Listen:
🎧 Spotify
🍎 Apple
🎬 YouTube
The General Podcast is back! And what an appropriate week for this episode, as “storytelling” has become the skillset du jour among startups and tech companies alike, according to the Wall Street Journal. This episode brings together two founders who have totally reimagined storytelling formats throughout their careers: Bing Gordon and Stephen Piron.
Bing joined Electronic Arts in its earliest days as Chief Creative Officer and helped build it into the gaming powerhouse it is today. He was one of the first believers that interactive media could be a true art form, and over his career he shaped iconic games like The Sims, Madden, and Farmville. Few people have thought harder about what makes a story truly work.
Stephen is the founder of Pickford, a new kind of studio where the audience drives the plot in real time. His big idea is that if you scream at the TV, the TV “should scream back.” Before Pickford, Stephen built the world’s first deepfake (the Joe Rogan one) while working on his previous startup, Dessa, which was eventually acquired by Square.
Right off the bat, you’ll hear them dive into one of the most famous ad campaigns in tech history—EA’s “Can a Computer Make You Cry?” Bing shares the story behind that ad and Stephen admits he has it framed on his office wall.
From there, they get into the multiple reinventions of Hollywood, how you build character bibles and narrative arcs in the age of AI and why hits are always flukes until they’re not.

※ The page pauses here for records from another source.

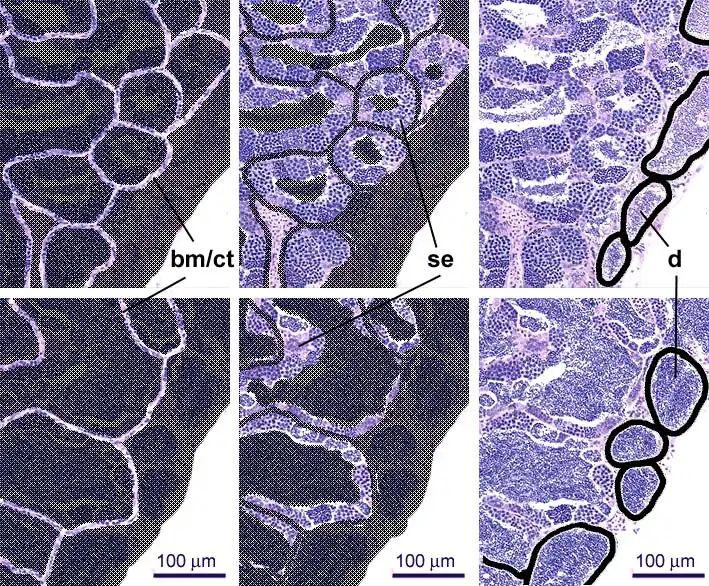 Each tubule is bounded by a basement membrane and a connective tissue sheet [bm/ct] (see Details below). Most tubules are covered with seminiferous epithelium [se], the structure of which is shown on the section below.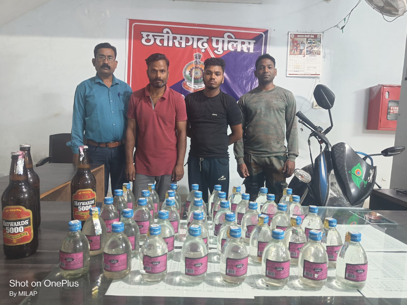 डोगरगढ़ पुलिस को सूचना प्राप्त हुई कि दो व्यक्ति मोटरसाइकिल पर अवैध रूप से शराब लेकर ग्राम कटली के मार्ग से होते हुये कलकसा की ओर जा रहे कि सुचना पर , थाना प्रभारी निरीक्षक भरत बरेठ के नेतृत्व में ग्राम कलकसा रोड के सामने चेक पोस्ट लगाकर आने जाने वाहनो की चेकिंग किया जा रहा था। इस दौरान चेकिंग पर। एक मोटरसाइकिल को रोक कर पुलिस द्वारा चेक किया गया जिसमें 02 व्यक्ति मिले जिसे पूछताछ करने पर अपना नाम अनिल राव एवं साहिल वर्मा वाहन में रखे थैला को चेक करने पर 40 पौवा देशी शराब व 04 बीयर जिस संबंध में पूछताछ करने पर आरोपीयों द्वारा वैध दस्तावेज प्रस्तुत नही किया गया। आरोपीयों का उक्त कृत्य आबकारी एक्ट की परिधि में आने पर आरोपीयों के विरूध्द थाना डोंगरगढ थाना में अपराध धारा 34 (2) आबकारी एक्ट का अपराध पंजीबध्द किया गया मामले में आरोपीगण को गिरफ्तार कर न्यायालय भेजा गया जंहा से जेल वारंट प्राप्त कर जेल भेजा गया।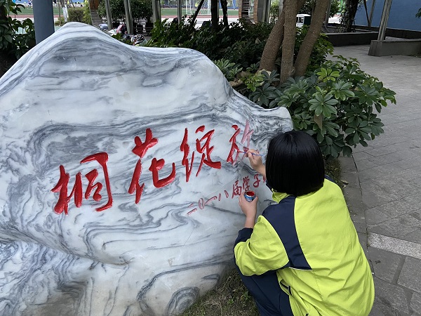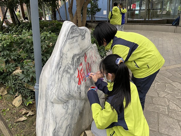 下午5时许,由校团委书记付俊超老师,带领张安琦,陈立行,蔡宏毅,吴一凡,向奕霏,曾羽兮,李若萱,柯圳杰,邓懿诚九名少先队志愿者,先在食堂门前大树下集合,再去保安处旁领石灰水进行调剂,药水调好后,大家分为3个小组,一组负责擦干净石碑污秽,再给红字上色;二组与三组分别围绕校园以顺,逆时针的顺序为学校树木刷石灰水,达到有则补刷,无则全刷的效果。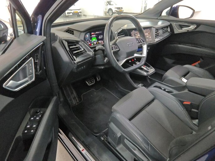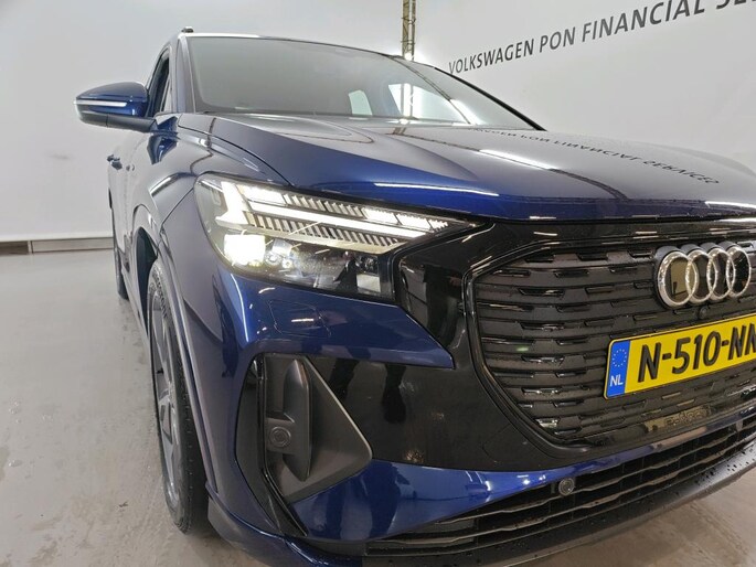 Duurzame mobiliteit is niet langer een ongrijpbare droom. Audi maakt het waar met de innovatieve elektrische Q4 e-tron. De fluisterstille elektromotor zorgt voor een serene rijervaring. S-Line styling benadrukt de sportieve functionaliteit van het ontwerp. De krachtige motor geeft deze Audi uitstekende prestaties. Deze Audi Q4 e-tron heeft verwarmbare voorstoelen, voor zowel bestuurder als bijrijder. Zijwaartse g-krachten worden solide opgevangen door de sportstoelen. Het interieur glanst in daglicht door het elektrisch bedienbare panoramadak. Met een druk op de knop gaat de elektrische achterklep open. De matrix LED-verlichting in de koplampen bestaat uit een raster van lichtpunten met maximale opbrengst. Bij tegenliggers past het systeem precies die punten aan die hinderlijk kunnen zijn. Je behoudt maximaal zicht! De uitmonstering van deze auto wordt gecompleteerd door onder meer 20 inch lichtmetalen velgen, sportonderstel, adaptief dempingsysteem, donker getint glas achter, in delen neerklapbare achterbank en LED-achterlichten.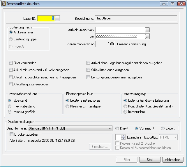 Artikel ohne Lagerbuchungskennzeichen ausgeben: es werden auch Artikel gedruckt, die in diesem Lager nicht bestandsgeführt werden.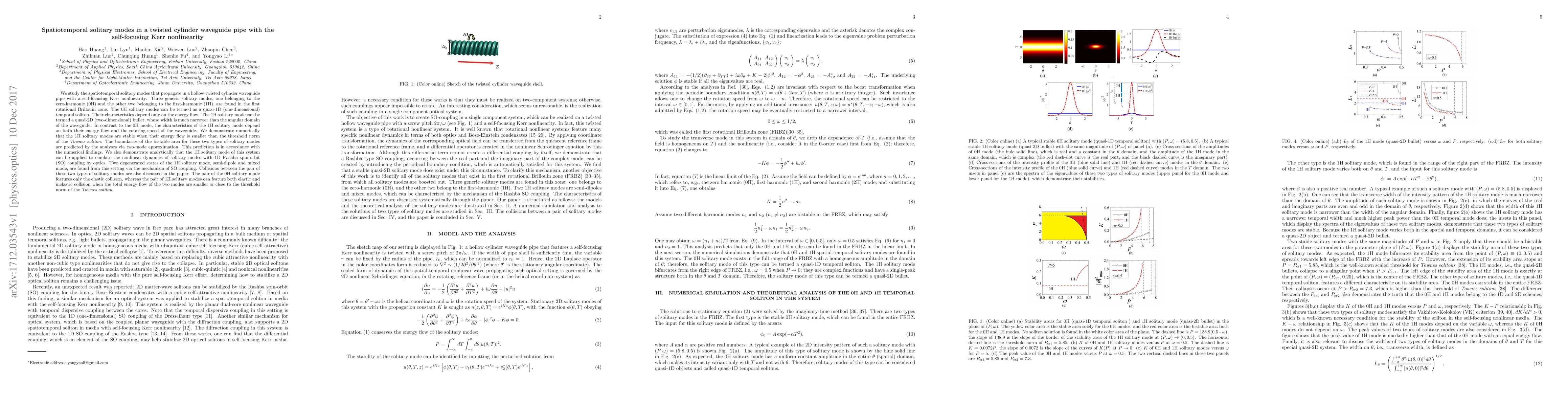 We study the spatiotemporal solitary modes that propagate in a hollow twisted cylinder waveguide pipe with a self-focusing Kerr nonlinearity. Three generic solitary modes, one belonging to the zero-harmonic (0H) and the other two belonging to the first-harmonic (1H), are found in the first rotational Brillouin zone. The 0H solitary modes can be termed as a quasi-1D (one-dimensional) temporal soliton. Their characteristics depend only on the energy flow. The 1H solitary mode can be termed a quasi-2D (two-dimensional) bullet, whose width is much narrower than the angular domain of the waveguide. In contrast to the 0H mode, the characteristics of the 1H solitary mode depend on both their energy flow and the rotating speed of the waveguide. We demonstrate numerically that the 1H solitary modes are stable when their energy flow is smaller than the threshold norm of the \emph{Townes soliton}. The boundaries of the bistable area for these two types of solitary modes are predicted by the analyses via two-mode approximation. This prediction is in accordance with the numerical findings. We also demonstrate analytically that the 1H solitary mode of this system can be applied to emulate the nonlinear dynamics of solitary modes with 1D Rashba spin-orbit (SO) coupling by optics. Two degenerated states of the 1H solitary mode, semi-dipole and mixed mode, are found from this setting via the mechanism of SO coupling. Collisions between the pair of these two types of solitary modes are also discussed in the paper. The pair of the 0H solitary mode features only the elastic collision, whereas the pair of 1H solitary modes can feature both elastic and inelastic collision when the total energy flow of the two modes are smaller or close to the threshold norm of the \emph{Townes soliton}.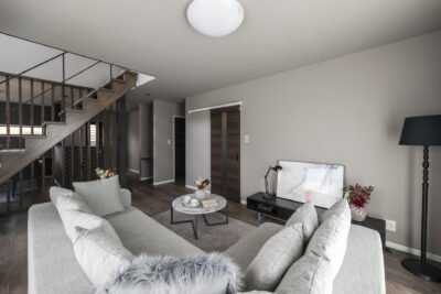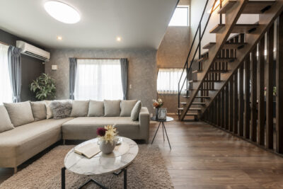 天然石調のアクセントウォールを背景に、階段の直線的なラインが美しく映えます。照明計画も計算されており、階段が立体的に浮かび上がるような陰影が、昼夜を問わずドラマティックな空間を演出します。この階段を中心に、LDK全体がひとつのアート作品のような統一感を持った空間となっています。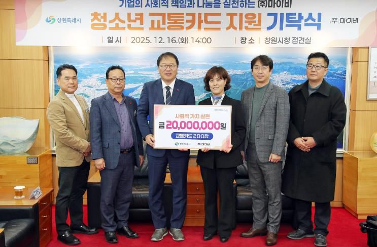장금용 창원특례시장 권한대행은 “지속적인 나눔을 통해 지역 청소년들을 지원해주시는 ㈜마이비에 깊이 감사드린다”며, “기탁된 교통카드는 청소년들의 교통비 부담 완화에 잘 활용될 수 있도록 전달하겠다”고 말했다.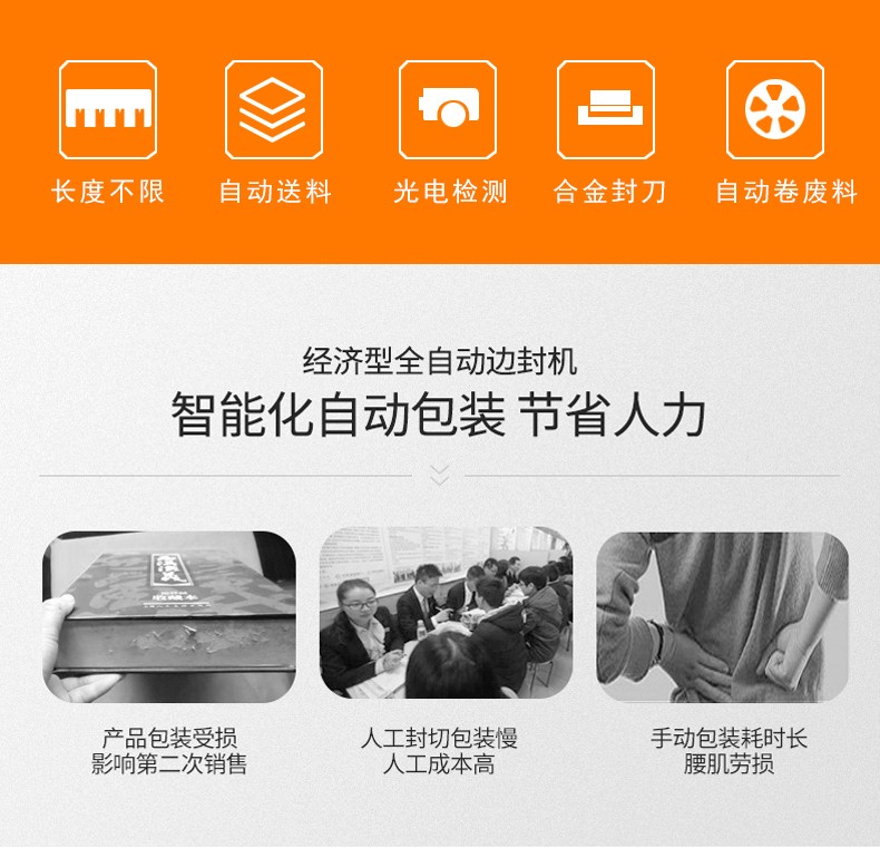 • 定制機型:針對長條或大尺寸產品(如鋁型材、相框),雖速度相對較低(每分鐘 10-30 件),但仍遠高于人工包裝效率。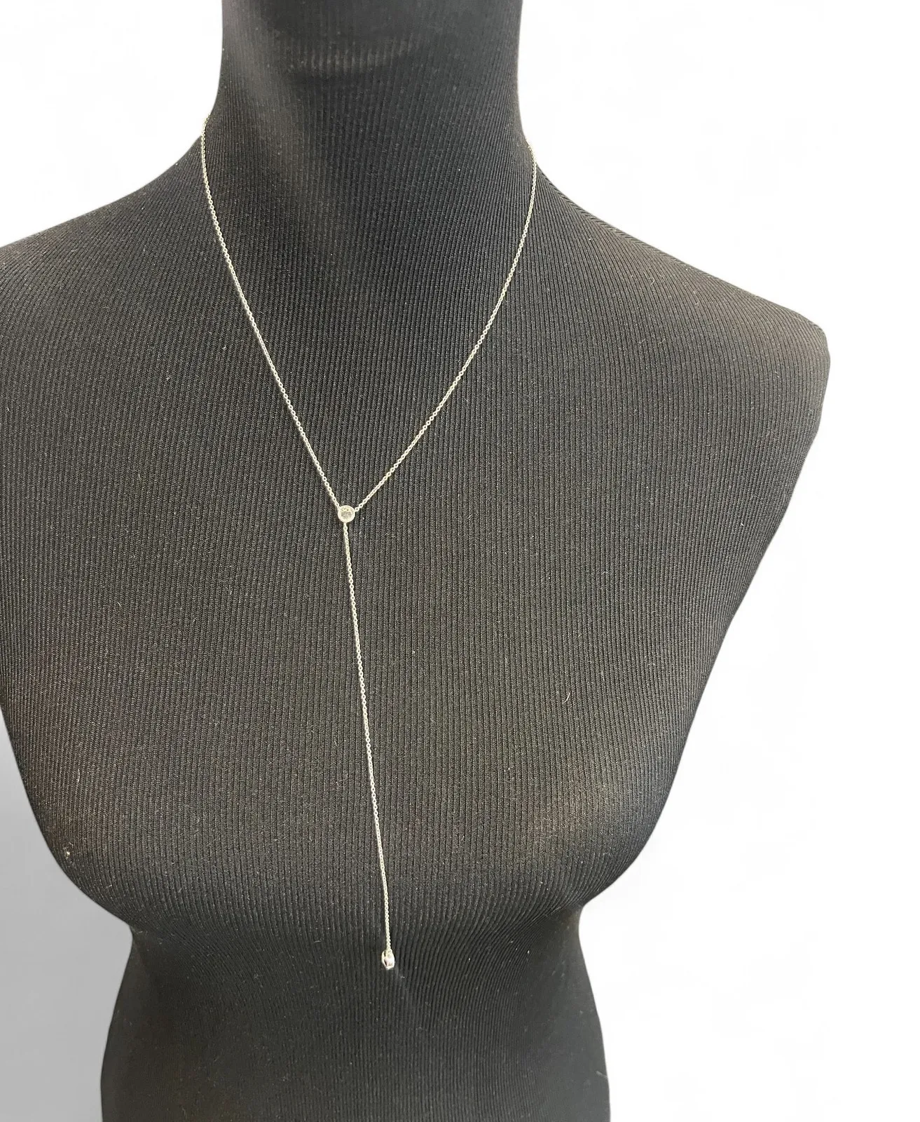 Round Cut Bezel Channel Cubic Zirconia Long Y Lariat Silver Chain Necklace - $13 - From Sourced In SoCa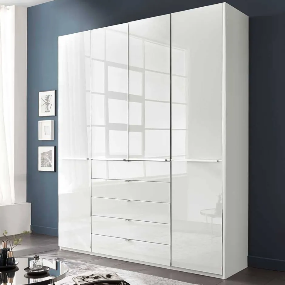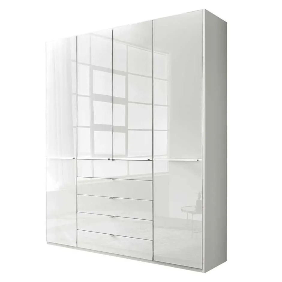 Der 4-türige Schlafzimmerschrank „Rocca“ bringt pure Schlichtheit und zeitlose Eleganz in Ihr Schlafzimmer, Jugendzimmer oder Gästezimmer. Mit seiner weißen Glasfront und dem weißen Korpus fügt sich der „Rocca“ nahtlos in jede moderne Einrichtung ein und setzt dabei stilvolle Akzente.
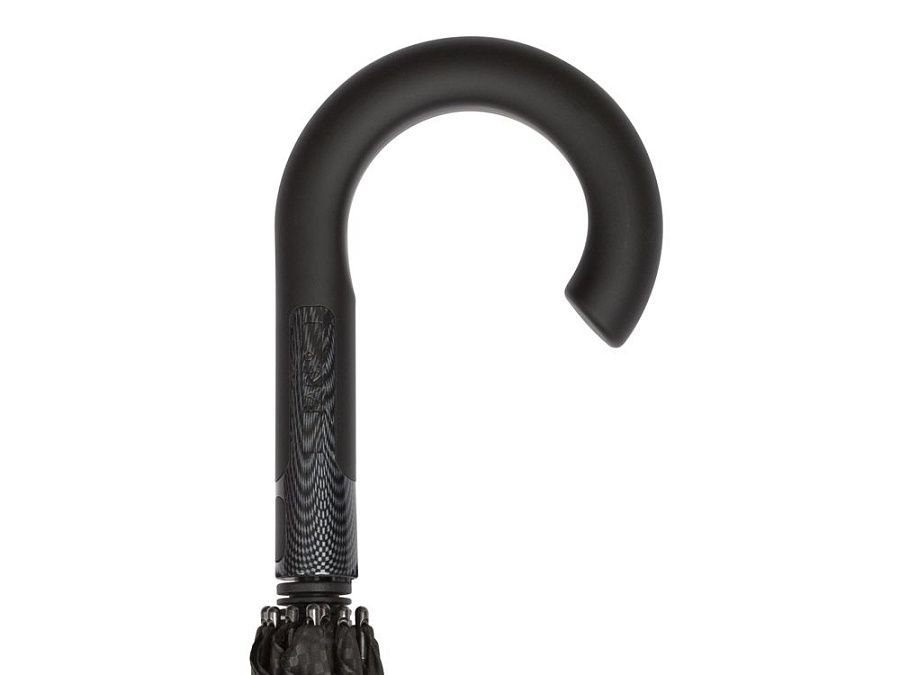 Стильный зонт-трость может укрыть от дождя 2х человек благодаря куполу большого диаметра. Купол изготовлен из эпонжа из переработанного пластика с использованием технологии WaterSAVE, когда окрашивание материала происходит в процессе производства, за счет чего снижает потребление электроэнергии и воды. Зонт плавно открывается при нажатии на кнопку на ручке.

It’s a conversation about what it really takes to build an interactive platform that changes the way stories get made. You’ll learn:
The origin story of the iconic “Can a computer make you cry?” ad and why it mattered more than any product marketing
Why Electronic Arts once believed it would become “the new Hollywood” and what that taught Bing about storytelling
Why most AI storytelling efforts fail by trying to make old stories cheaper instead of inventing new formats
Why character bibles and narrative guardrails matter more than prompts
How Pickford is borrowing from centuries-old storytelling structures and updating them for real-time interaction
Why hits still matter more than platforms (and why every platform eventually needs one)
How AI might actually create more work for storytellers, not less
How Pickford worked with SAG to design a new, AI-era compensation model for voice actors
Referenced in this episode:
Adventures in the Screen Trade by William Goldman
Steve Jobs and the “reality distortion field”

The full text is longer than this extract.